**What is expected**
The response should contain all of the data below, reproduced exactly, and no pictures.

**Stored data**
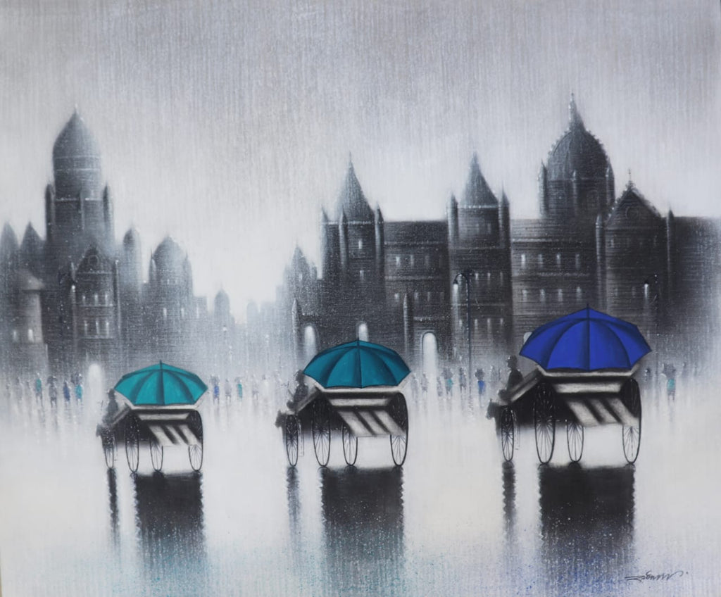 Somnath works with a variety of mediums, including charcoal, acrylic, and mixed media. His work is inspired by timeless locations such as Benaras, Lord Ganesha, and iconic locations in the British Raj era. He has drawn beautiful paintings in different colors paired with black. Yellows, reds, blues are telling of the time of the day, and long towers, running tongas with umbrellas and gateways in different cities. He has drawn Kolkata, Mumbai – taking key historical architecture or city elements and putting them down on the canvas in a unique way, representative of his signature styles.
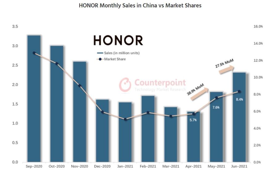 Σύμφωνα με τα μηνιαία στοιχεία της Counterpoint Market Pulse το μερίδιο αγοράς της HONOR στην Κίνα διαμορφώθηκε στο 8,4% τον Ιούνιο από 5,1% τον Ιανουάριο 2021, ενώ είναι ήδη πολύ κοντά στο ανώτατο όριο πωλήσεων των 4,55 εκατομμυρίων συσκευών που σημείωσε τον Αύγουστο του 2020.
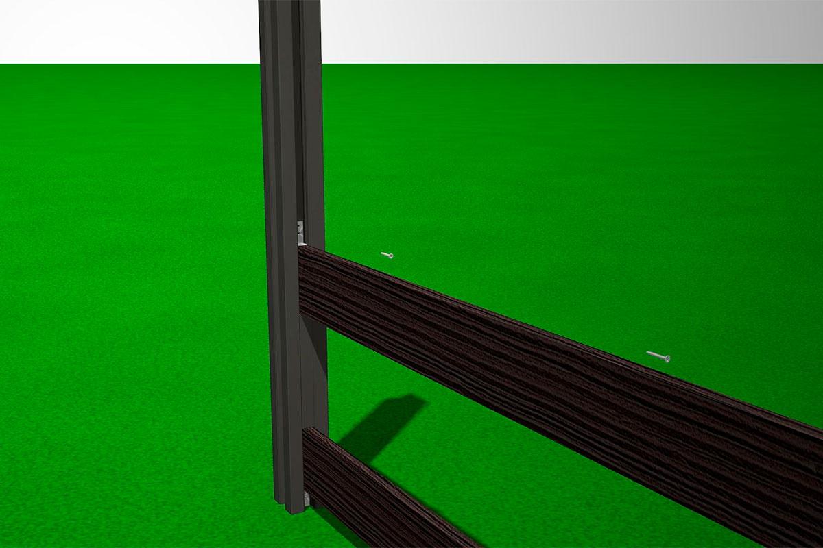 Алюминиевые столбы высокой прочности с ребрами жесткости толщиной 2мм не сгниют.Облегченные, и в то же время прочные, доски из ДПК, позволяют собирать данный тип заборов буквально за считаные минуты.
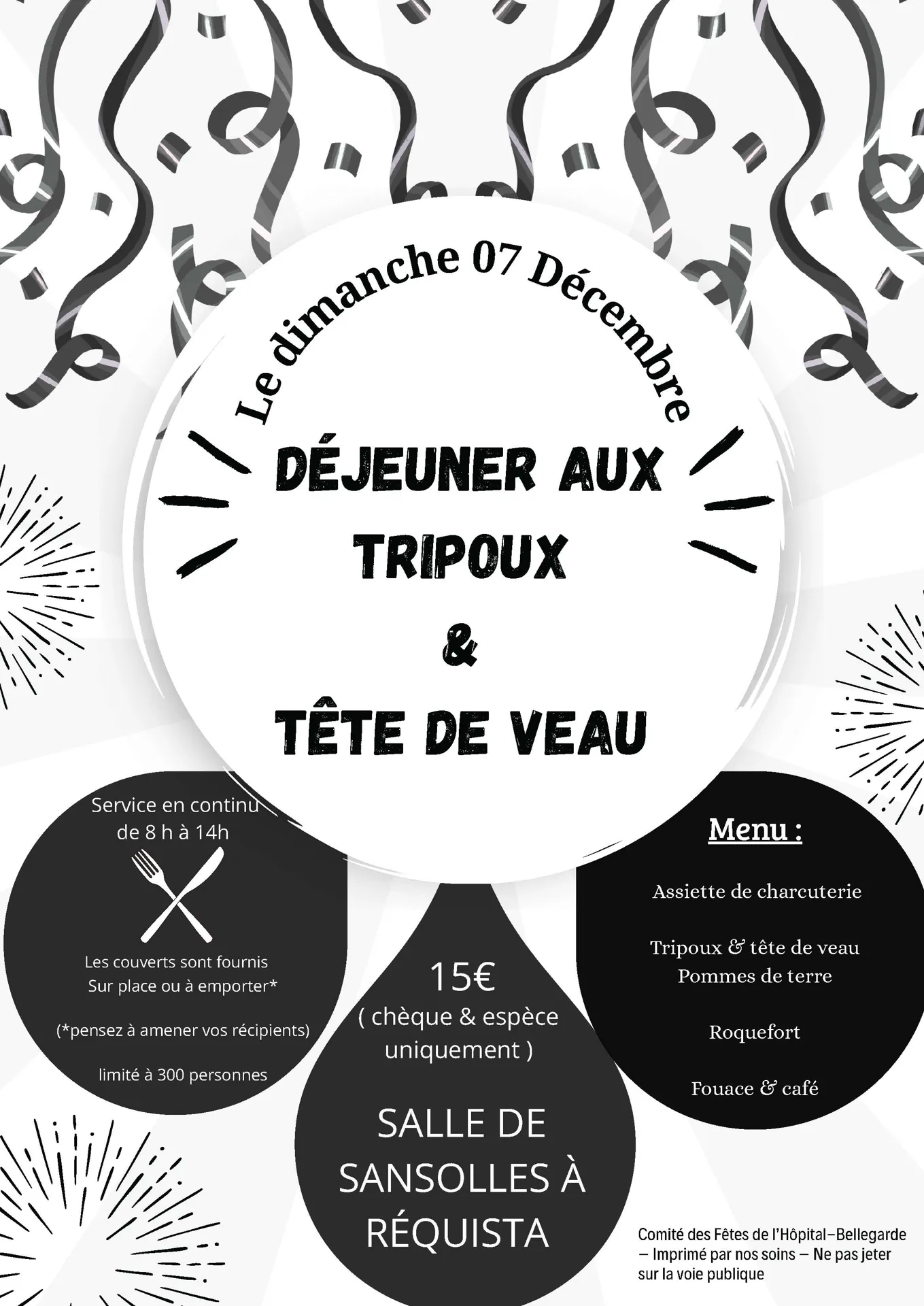 En service continu sur place ou à emporter (pensez à amener vos couverts) à la salle de Sansolles COMITÉ DES FÊTES DE L'HOPITAL BELLEGARDE de 8h à 14h, service continu. Tél. 06 88 52 12 44. Limité à 300 pers.Menu 15 € : Assiette de charcuterie - Tripoux et tête de veau – Pommes de terre – Roquefort – Fouace – Café et vin.POSSIBILITÉ DE PRENDRE A EMPORTER EN AMENANT SES BOITES OU PLATS
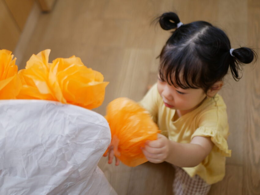 今日は製作で3施設合同のおまつりのお店に並ぶクリームソーダを作ってもらったり、神輿に花紙を装飾したり、うちわを製作したりと、おまつりに向けて様々なことに取り組んだピーターパン組さんです。
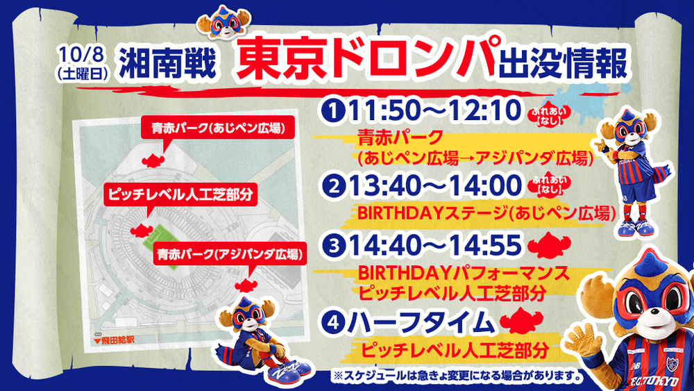 Sa., 08.10.2022 Meiji Yasuda J1 League Runde 32 vs Shonan Bellmare (Anpfiff 15:00/Ajinomoto Stadium) erscheint TOKYO DOROMPA wie unten beschrieben.
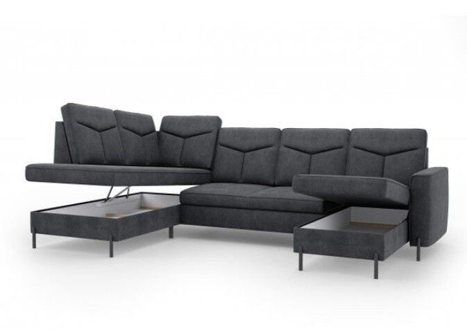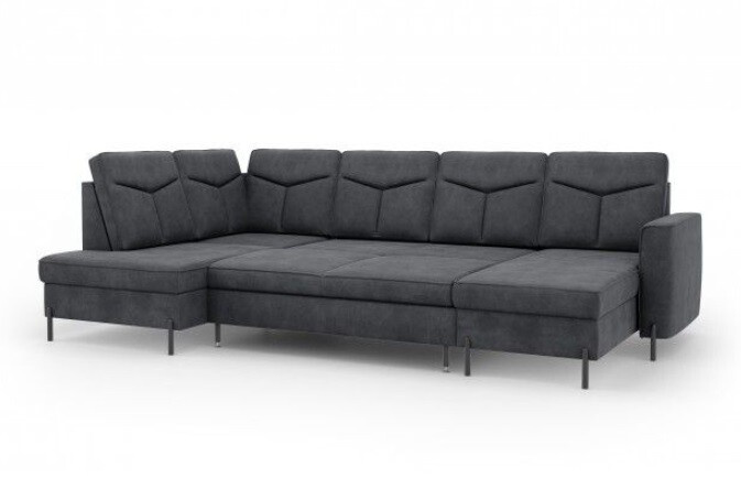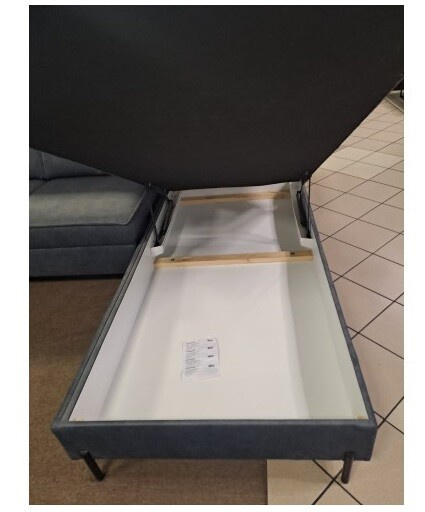 Rohová pohovka s funkcí spaní a kontejnerem na lůžkoviny, vyrobená na vlnité pružině.

**Task solution**
 Somnath works with a variety of mediums, including charcoal, acrylic, and mixed media. His work is inspired by timeless locations such as Benaras, Lord Ganesha, and iconic locations in the British Raj era. He has drawn beautiful paintings in different colors paired with black. Yellows, reds, blues are telling of the time of the day, and long towers, running tongas with umbrellas and gateways in different cities. He has drawn Kolkata, Mumbai – taking key historical architecture or city elements and putting them down on the canvas in a unique way, representative of his signature styles.
 Σύμφωνα με τα μηνιαία στοιχεία της Counterpoint Market Pulse το μερίδιο αγοράς της HONOR στην Κίνα διαμορφώθηκε στο 8,4% τον Ιούνιο από 5,1% τον Ιανουάριο 2021, ενώ είναι ήδη πολύ κοντά στο ανώτατο όριο πωλήσεων των 4,55 εκατομμυρίων συσκευών που σημείωσε τον Αύγουστο του 2020.
 Алюминиевые столбы высокой прочности с ребрами жесткости толщиной 2мм не сгниют.Облегченные, и в то же время прочные, доски из ДПК, позволяют собирать данный тип заборов буквально за считаные минуты.
 En service continu sur place ou à emporter (pensez à amener vos couverts) à la salle de Sansolles COMITÉ DES FÊTES DE L'HOPITAL BELLEGARDE de 8h à 14h, service continu. Tél. 06 88 52 12 44. Limité à 300 pers.Menu 15 € : Assiette de charcuterie - Tripoux et tête de veau – Pommes de terre – Roquefort – Fouace – Café et vin.POSSIBILITÉ DE PRENDRE A EMPORTER EN AMENANT SES BOITES OU PLATS
 今日は製作で3施設合同のおまつりのお店に並ぶクリームソーダを作ってもらったり、神輿に花紙を装飾したり、うちわを製作したりと、おまつりに向けて様々なことに取り組んだピーターパン組さんです。
 Sa., 08.10.2022 Meiji Yasuda J1 League Runde 32 vs Shonan Bellmare (Anpfiff 15:00/Ajinomoto Stadium) erscheint TOKYO DOROMPA wie unten beschrieben.
 Rohová pohovka s funkcí spaní a kontejnerem na lůžkoviny, vyrobená na vlnité pružině.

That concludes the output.